Rediff.com has posted a loss! Again. That would be the 20th 19th straight quarter of losses, if you haven’t lost count already. The company, which listed at the Nasdaq back in 2000 and was hailed as the next big thing from India at one point of time said on Wednesday that net loss, at $2.32 million for the fourth quarter of 2013, was up 63% from the year ago period.

Rediff’s revenues also went down marginally to $3.54 million in the quarter. On an annual basis, revenues declined 21% year on year to $15.66 million for the year ending 31 March 2013.

Take a look at Rediff’s Revenues & Losses over the last 9 quarters.

Rediff Profit & Revenue

This time around, Rediff says that revenue slowed because of the decline in company’s Newspaper Publishing business and India Advertising.

While Rediff, led by Chief Executive Officer Ajit Balakrishnan, has been trying to improve margins by controlling costs, what it really needs is a solid relook at its business. Back in the day, when the company listed at Nasdaq, its shares were priced at $12 apiece. It now sells at about $3.

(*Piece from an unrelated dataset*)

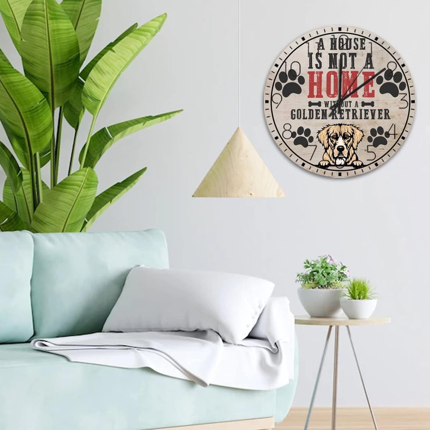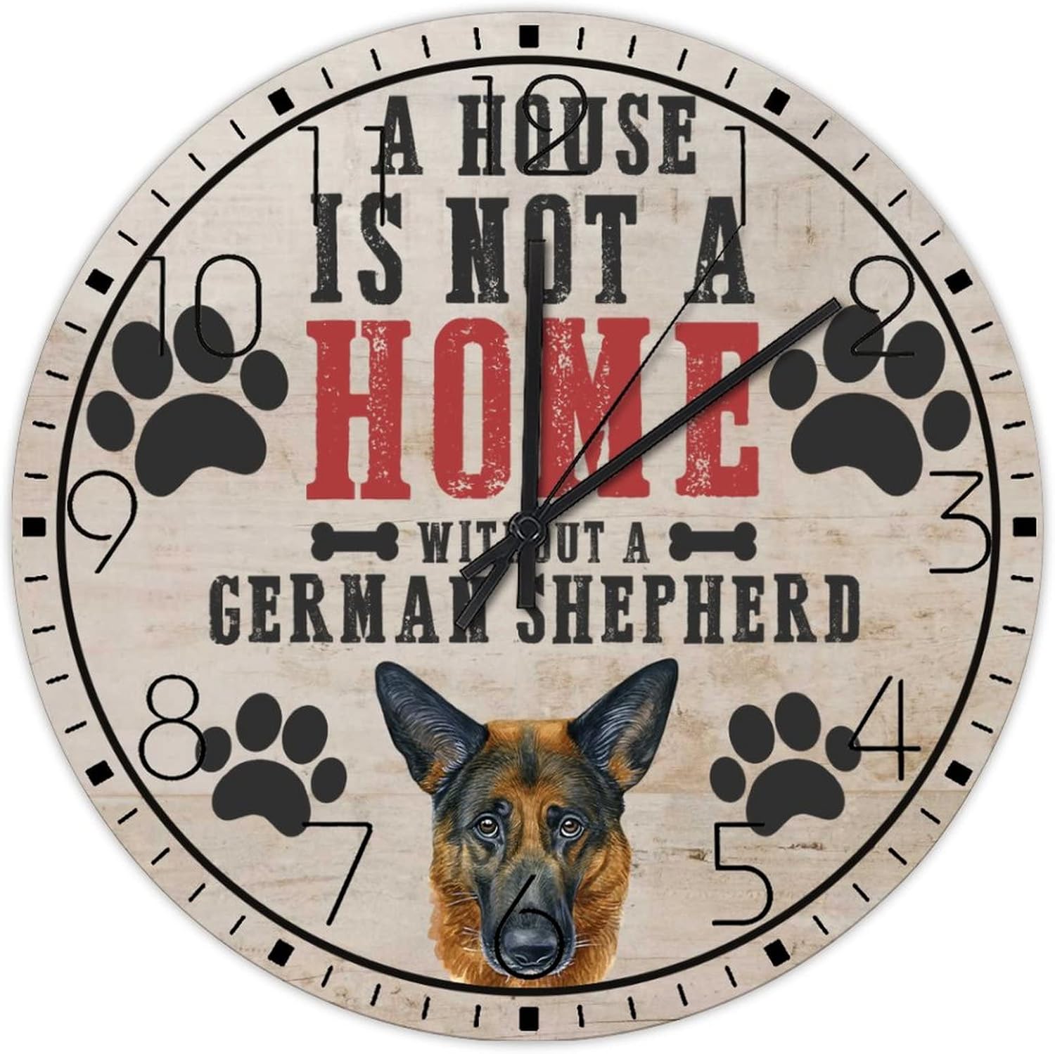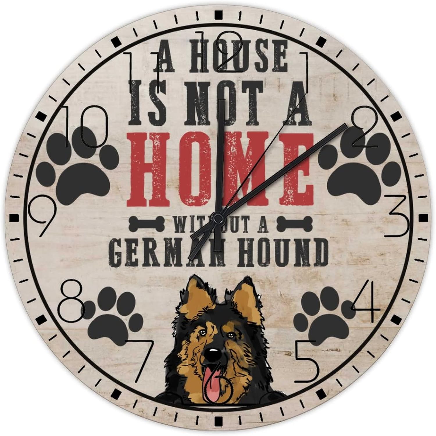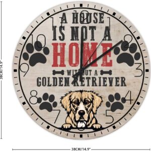 Wooden Wall Clock Analog Round Non-Ticking A House is Not A Home Without A Dog Personalized Wall Clocks Pet Owners Good Friends Wall Decor for Family Room Living Room Above Fireplace 15 Inch

According to Balakrishnan, the company is working hard to improve “functionality and look and feel of our site.” Rediff’s home page, an important source of income for the company, recently underwent a pinterest like redesign. That didn’t go well with the existing users.

The company is also going to ramp up its ecommerce offering. “We believe this strategy will position us for future growth in the coming years, especially with the expected improvements in broadband infrastructure in India,” Balakrishnan said.

As it bides for the broadband revolution to come its way and make everybody high happy, Rediffmail is a shadow of its past. Just like its share price, which peaked at about $18 in April 2011.

As we had written some time ago, its just that as a company, there seems to be a lack of direction, or coherent strategy. Any one product (of the many it launched) could have been a winner.

But at Rediff, there seems to be too much happening, in too many different directions.